Analyzing the training job logs, we can see that now, the training job starts from the 6th epoch.

We can see the output of `load_model_from_checkpoints` function:

```
INFO:root:------------------------------------------------------
INFO:root:Available checkpoint files: ['mnist-0005.params', 'mnist-0001.params', 'mnist-0003.params', 'mnist-0004.params', 'mnist-0002.params']
INFO:root:Latest epoch checkpoint file name: mnist-0005.params
INFO:root:Resuming training from epoch: 5
INFO:root:------------------------------------------------------
```

Going further down in the logs, we can now see the following line indicating training job will start from the 6th epoch (shows up as epcoh 5 in MXNet logs):
```
INFO:root:Starting training from epoch: 5
```

### View the job training Checkpoint configuration after job completed 10 epochs

We can now view the Checkpoint configuration from the training job directly in the SageMaker console.  

Log into the [SageMaker console](https://console.aws.amazon.com/sagemaker/home), choose the latest training job, and scroll down to the Checkpoint configuration section. 

Choose the S3 output path link and you'll be directed to the S3 bucket were checkpointing data is saved.

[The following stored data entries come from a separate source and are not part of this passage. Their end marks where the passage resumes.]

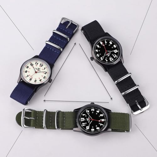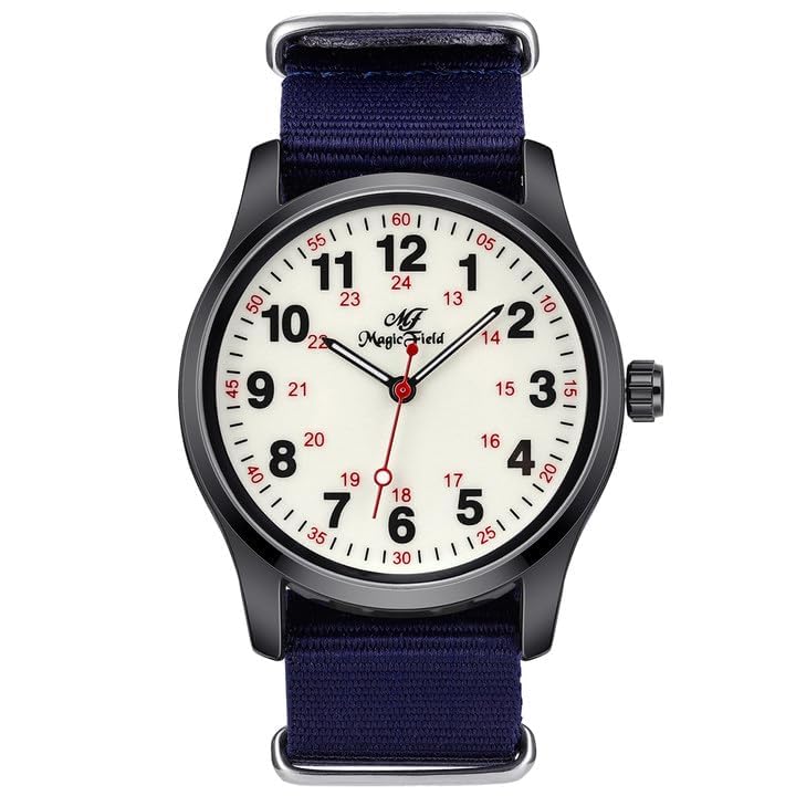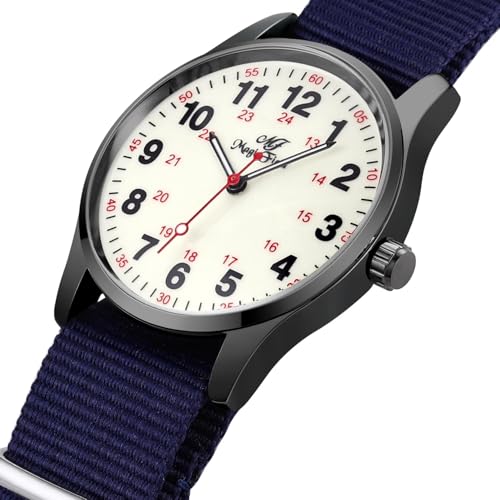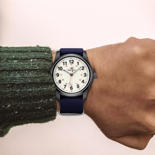Military Watches for Men Easy to Read Watch with Second Hand Watch for Nurse Watch Women Waterproof Luminous Watch Casual Quartz Wristwatch 24 Hours Watch Dark Blue Nylon Strap
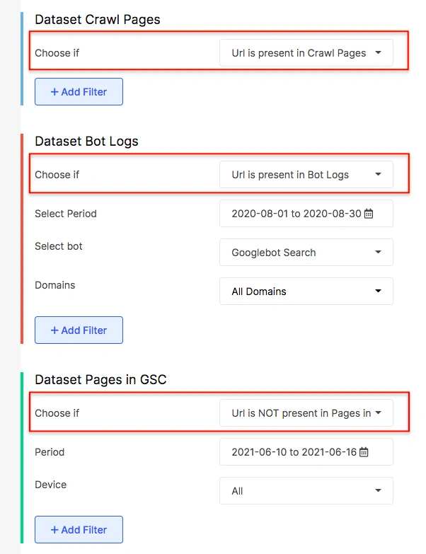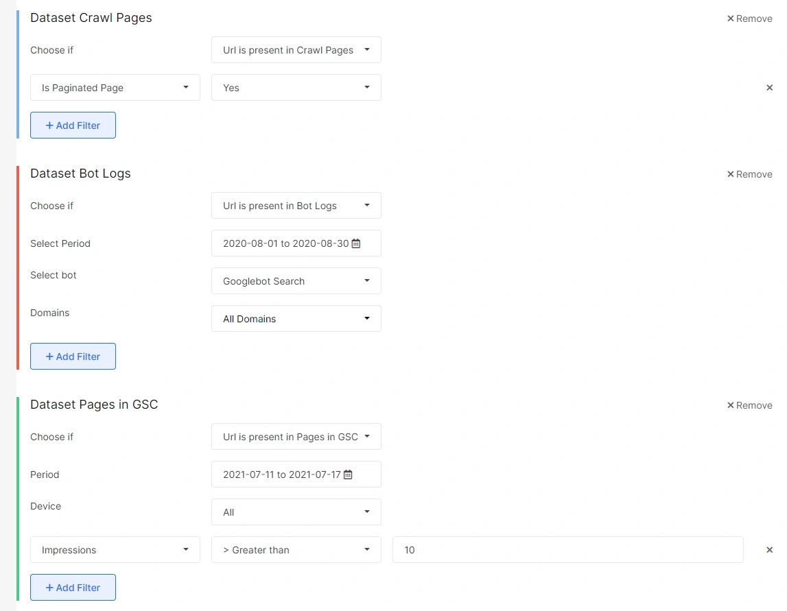 The tool has many datasets like the log data, crawl data, Google Search Console data, Google Analytics data, and more to compare and select pages with over 120 different filters of URL, canonical, redirects, pagination, lang, mobile, technical, JS performance, indexation, content, duplications, system hashes, links, meta, etc. to work with.
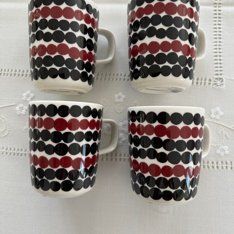 Marimekko Siirtolapuutarha mukit. Olleet vähällä käytöllä 2,5dl. Yhteensä 26€ tai yksittäin 14€. Nouto tai postitus (kulut ostajalle). Pakkaan hyvin.
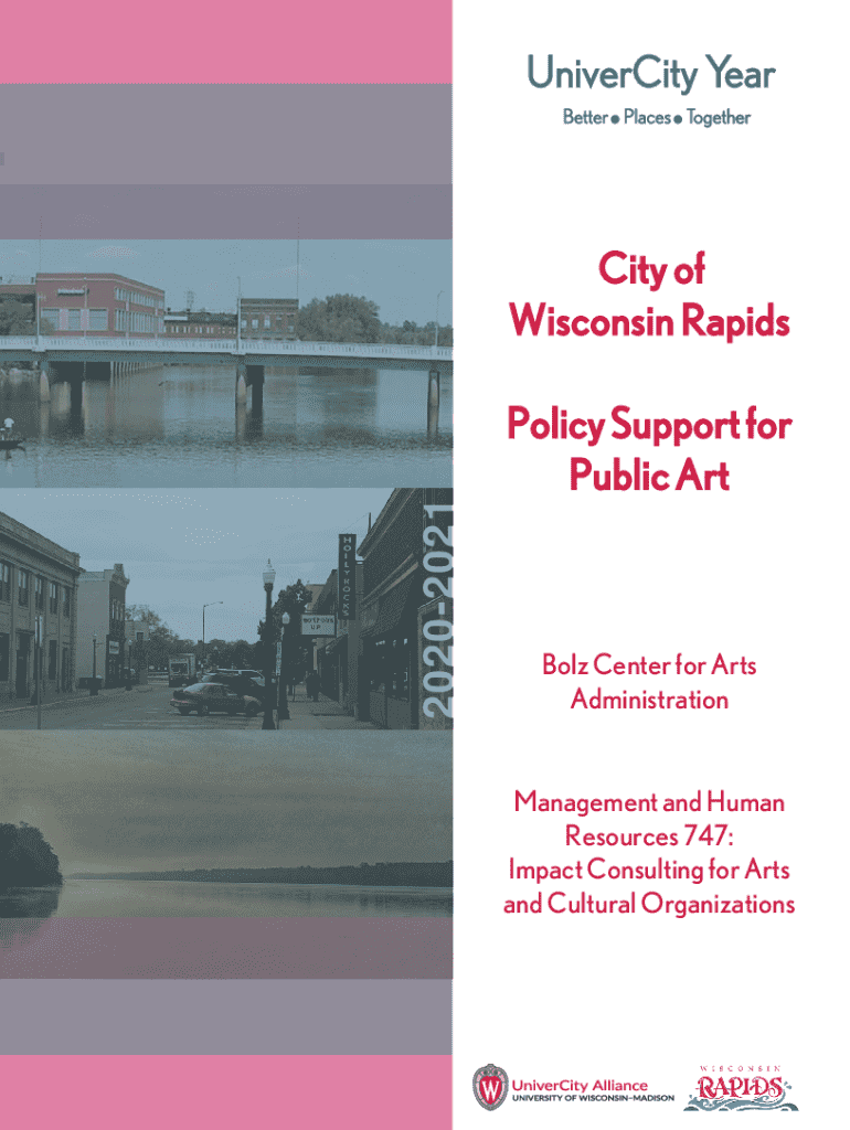 UniverCity Year Better Places TogetherCity of Wisconsin Rapids20202021Policy Support for Public ArtBolz Center for Arts Administration Management and Human Resources 747: Impact Consulting for Arts and Cultural OrganizationsPrepared by the Public Arts Consulting Team (PACT): Ginger Ann, Brian Cowing, Bailey Curtis, Lexi Janssen, Elena Duran, Taeli Reistad Completed as part of a yearlong course at the University of WisconsinMadison and in partnership with UniverCity Alliance. With

You can see there are 21 files there:

```python
mnist-symbol.json 
mnist-0010.states
mnist-0010.params
mnist-0009.states 
mnist-0009.params 
mnist-0008.states 
mnist-0008.params 
mnist-0007.states 
mnist-0007.params 
mnist-0006.states 
mnist-0006.params 
mnist-0005.states 
mnist-0005.params 
mnist-0004.states 
mnist-0004.params 
mnist-0003.states 
mnist-0003.params 
mnist-0002.states 
mnist-0002.params 
mnist-0001.states 
mnist-0001.params 
```

You'll be able to see that the dates of the first ten checkpoint files (1-5), and the second group (6-10) and mnist-symbol.json are grouped together, indicating the different time where the training job was run.